◆ Records to process:
-=-=-
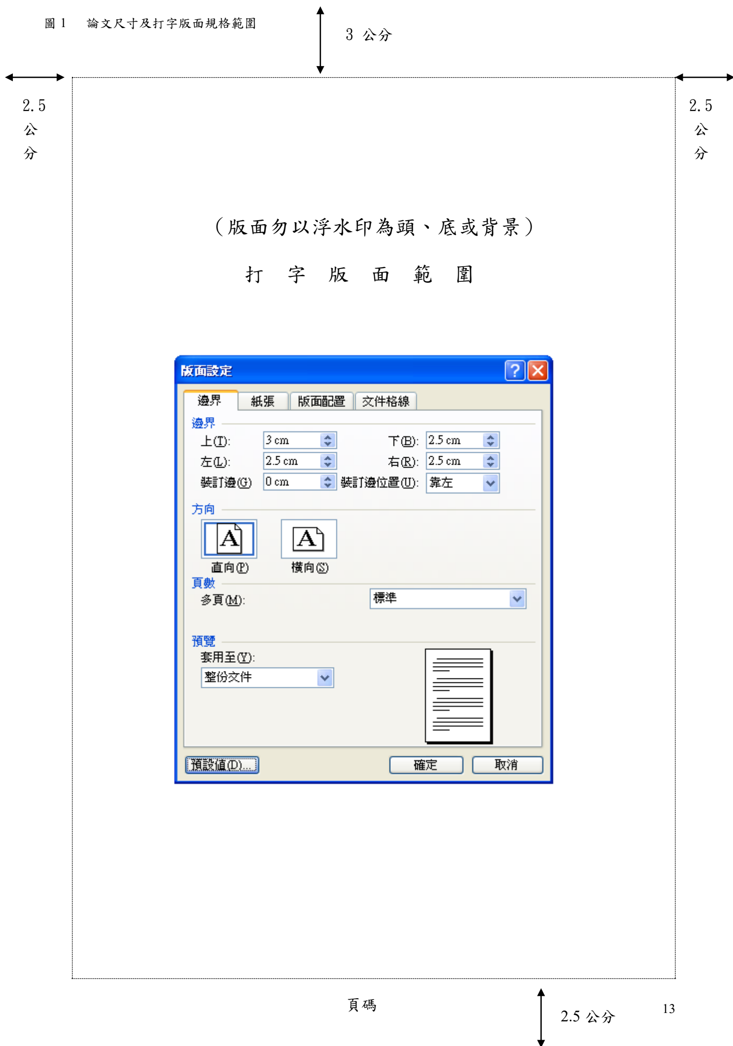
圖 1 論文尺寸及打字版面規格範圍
-=-=-
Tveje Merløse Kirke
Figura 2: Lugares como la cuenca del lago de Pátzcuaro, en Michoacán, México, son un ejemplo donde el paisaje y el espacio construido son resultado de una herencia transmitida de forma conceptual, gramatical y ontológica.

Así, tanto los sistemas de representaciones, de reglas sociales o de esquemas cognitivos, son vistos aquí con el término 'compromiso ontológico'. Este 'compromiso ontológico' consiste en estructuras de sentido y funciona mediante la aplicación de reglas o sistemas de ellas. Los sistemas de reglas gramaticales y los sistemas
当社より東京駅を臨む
-=-=-
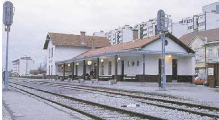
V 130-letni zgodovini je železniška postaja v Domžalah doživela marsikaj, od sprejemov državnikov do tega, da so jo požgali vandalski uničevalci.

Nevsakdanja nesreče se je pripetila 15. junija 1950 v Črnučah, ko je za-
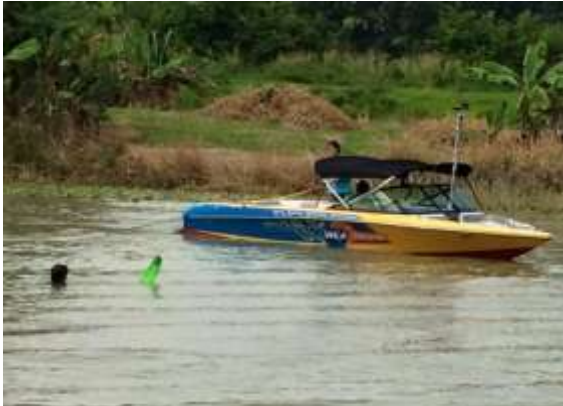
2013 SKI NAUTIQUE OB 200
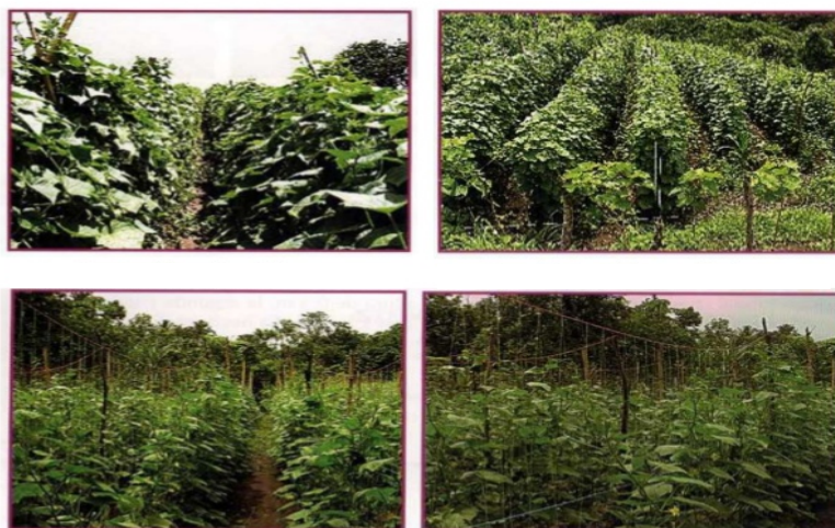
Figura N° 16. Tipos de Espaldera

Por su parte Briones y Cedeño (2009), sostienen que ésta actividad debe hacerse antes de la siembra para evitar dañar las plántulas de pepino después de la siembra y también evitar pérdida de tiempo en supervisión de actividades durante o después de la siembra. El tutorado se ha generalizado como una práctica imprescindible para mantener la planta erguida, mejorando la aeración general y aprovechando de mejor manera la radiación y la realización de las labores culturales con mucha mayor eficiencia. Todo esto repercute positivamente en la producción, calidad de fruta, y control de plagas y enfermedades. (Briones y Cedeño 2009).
-=-=-
◆ Problem description: Scan the listing for "como" and copy out each line that has it.

◆ Problem solution:
Figura 2: Lugares como la cuenca del lago de Pátzcuaro, en Michoacán, México, son un ejemplo donde el paisaje y el espacio construido son resultado de una herencia transmitida de forma conceptual, gramatical y ontológica.
Por su parte Briones y Cedeño (2009), sostienen que ésta actividad debe hacerse antes de la siembra para evitar dañar las plántulas de pepino después de la siembra y también evitar pérdida de tiempo en supervisión de actividades durante o después de la siembra. El tutorado se ha generalizado como una práctica imprescindible para mantener la planta erguida, mejorando la aeración general y aprovechando de mejor manera la radiación y la realización de las labores culturales con mucha mayor eficiencia. Todo esto repercute positivamente en la producción, calidad de fruta, y control de plagas y enfermedades. (Briones y Cedeño 2009).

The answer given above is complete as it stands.